Slavery and Western Expansion OBJECTIVE: TO UNDERSTAND HOW WESTWARD EXPANSION LED TO A DEBATE ABOUT SLAVERY. The Impact of the War with Mexico
The war with Mexico led to the issue whether slavery should be allowed to spread westward.
The Wilmot Proviso proposed that slavery should be forbidden in any territory gained from Mexico.
Senator Lewis Cass proposed that citizens of each territory should be allowed to decide for themselves on slavery. This was called popular sovereignty.
Whig candidate Zachery Taylor avoided the issue of slavery and won a narrow victory over Democratic nominee Lewis Cass and Free Soil party Martin Van Buren. Congress Struggles for a Compromise
James Marshall discovered gold in Sacramento in January 1848. By the end of 1849, nearly 80,000 “Forty-Niners” had arrived in California. Californians decided to seek statehood because the gold rush led to chaos and violence. Henry Clay came up with a compromise that allowed California to become a free state but allowed slavery in the rest of the Mexican succession. It also outlawed the slave trade in the District of Columbia but not slavery itself. Congress passed the Compromise of 1850, which included part of Clay’s original compromise.
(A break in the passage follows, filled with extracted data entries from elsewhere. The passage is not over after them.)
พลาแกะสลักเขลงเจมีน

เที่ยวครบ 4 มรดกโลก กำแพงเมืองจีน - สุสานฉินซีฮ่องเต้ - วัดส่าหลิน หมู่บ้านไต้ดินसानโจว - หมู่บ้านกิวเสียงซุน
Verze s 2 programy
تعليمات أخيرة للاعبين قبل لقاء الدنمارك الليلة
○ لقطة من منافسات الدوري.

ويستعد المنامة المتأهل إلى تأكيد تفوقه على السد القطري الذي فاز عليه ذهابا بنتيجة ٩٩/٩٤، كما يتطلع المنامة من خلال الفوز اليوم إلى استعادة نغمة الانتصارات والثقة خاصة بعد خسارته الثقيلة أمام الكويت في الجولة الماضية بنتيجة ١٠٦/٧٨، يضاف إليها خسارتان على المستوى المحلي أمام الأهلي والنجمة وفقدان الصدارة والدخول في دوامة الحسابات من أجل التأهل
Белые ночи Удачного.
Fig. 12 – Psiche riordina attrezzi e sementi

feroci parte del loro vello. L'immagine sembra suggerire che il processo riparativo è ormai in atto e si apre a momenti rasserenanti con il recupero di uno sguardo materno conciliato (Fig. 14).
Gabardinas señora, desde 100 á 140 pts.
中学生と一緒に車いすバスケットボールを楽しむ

The Fugitive Slave Act
Part of the compromise was the Fugitive Slave Act, which allowed any slaveholder to point out alleged runaways to have them taken into custody.
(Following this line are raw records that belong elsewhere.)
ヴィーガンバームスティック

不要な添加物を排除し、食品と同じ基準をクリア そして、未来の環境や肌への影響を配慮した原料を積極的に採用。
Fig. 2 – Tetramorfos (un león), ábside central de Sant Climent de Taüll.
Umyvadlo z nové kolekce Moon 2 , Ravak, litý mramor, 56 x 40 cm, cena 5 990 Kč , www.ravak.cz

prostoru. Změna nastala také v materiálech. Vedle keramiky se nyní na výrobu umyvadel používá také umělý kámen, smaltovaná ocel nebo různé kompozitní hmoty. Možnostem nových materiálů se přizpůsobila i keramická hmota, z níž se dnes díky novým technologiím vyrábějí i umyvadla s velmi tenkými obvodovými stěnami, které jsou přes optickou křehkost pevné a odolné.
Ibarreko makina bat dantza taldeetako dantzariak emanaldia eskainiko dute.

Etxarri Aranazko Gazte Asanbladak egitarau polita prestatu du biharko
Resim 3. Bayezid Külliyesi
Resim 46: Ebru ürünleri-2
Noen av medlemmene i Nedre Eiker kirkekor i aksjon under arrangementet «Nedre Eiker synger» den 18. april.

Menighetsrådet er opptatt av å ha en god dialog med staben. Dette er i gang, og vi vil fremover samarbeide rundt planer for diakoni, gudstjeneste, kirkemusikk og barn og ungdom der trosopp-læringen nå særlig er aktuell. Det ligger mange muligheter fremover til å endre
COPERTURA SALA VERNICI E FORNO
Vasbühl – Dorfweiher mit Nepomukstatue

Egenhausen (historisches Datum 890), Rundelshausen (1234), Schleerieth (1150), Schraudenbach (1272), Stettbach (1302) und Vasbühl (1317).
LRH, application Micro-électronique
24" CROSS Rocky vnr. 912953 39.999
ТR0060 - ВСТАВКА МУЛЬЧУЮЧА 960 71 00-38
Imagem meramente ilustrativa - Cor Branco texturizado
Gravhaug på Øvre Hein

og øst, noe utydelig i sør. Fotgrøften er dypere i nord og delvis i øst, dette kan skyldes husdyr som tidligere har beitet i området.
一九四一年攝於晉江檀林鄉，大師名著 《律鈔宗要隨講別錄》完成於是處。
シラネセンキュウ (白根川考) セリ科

Federal officials had a financial incentive to rule in favor of slaveholders.
The Fugitive Slave Act required federal marshals to assist slavecatchers.
Northerners risked heavy fines and prison terms to assist runaway slaves. The Underground Railroad and Uncle Tom’s Cabin
The Underground Railroad was a well organized network of abolitionists who helped thousands of enslaved persons flee north.
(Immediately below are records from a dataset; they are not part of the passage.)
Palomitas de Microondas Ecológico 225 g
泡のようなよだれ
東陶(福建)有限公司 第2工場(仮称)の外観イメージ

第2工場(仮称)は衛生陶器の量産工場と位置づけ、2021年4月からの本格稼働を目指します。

Conductors such as Harriet Tubman, transported runaways in secret, gave them food and shelter and saw them to freedom.
Harriet Beecher Stowe wrote Uncle Tom’s Cabin in 1851.
The book depicted the horrors of slavery and sold over 300,000 copies.
This led to passionate antislavery sentiment in the North and is considered by many historians to be a cause of the Civil War. New Territorial Troubles
The transcontinental railroad (one that would cross the whole country) would reduce the journey to four days and promote further growth in the territories.
Mexico agreed to sell the Gadsden purchase which southerners wanted to use the land for part of the railroad.
Stephen Douglass pushed for the railroad to start at Chicago and go through the Nebraska Territory.
He proposed that the Nebraska Territory be split into two territories (Nebraska and Kansas), and that these territories exercise popular sovereignty on slavery. Bleeding Kansas
Thousands of Northerners migrated to Kansas territory to try and outlaw slavery.
This led to Missourians crossing the border to vote illegally.
This led to Kansas having two governments.
Tensions rose as Missourians crossed over and attacked the town of Lawrence, which was a stronghold of antislavery settlers.
This Photo by Unknown Author is licensed under CC BY Caning of Charles Sumner
Massachusetts senator Charles Sumner accused pro-slavery senators of forcing Kansas to become a slave state.
This led Representative Preston Brooks to beat the senator with a cane, leaving Sumner severely injured.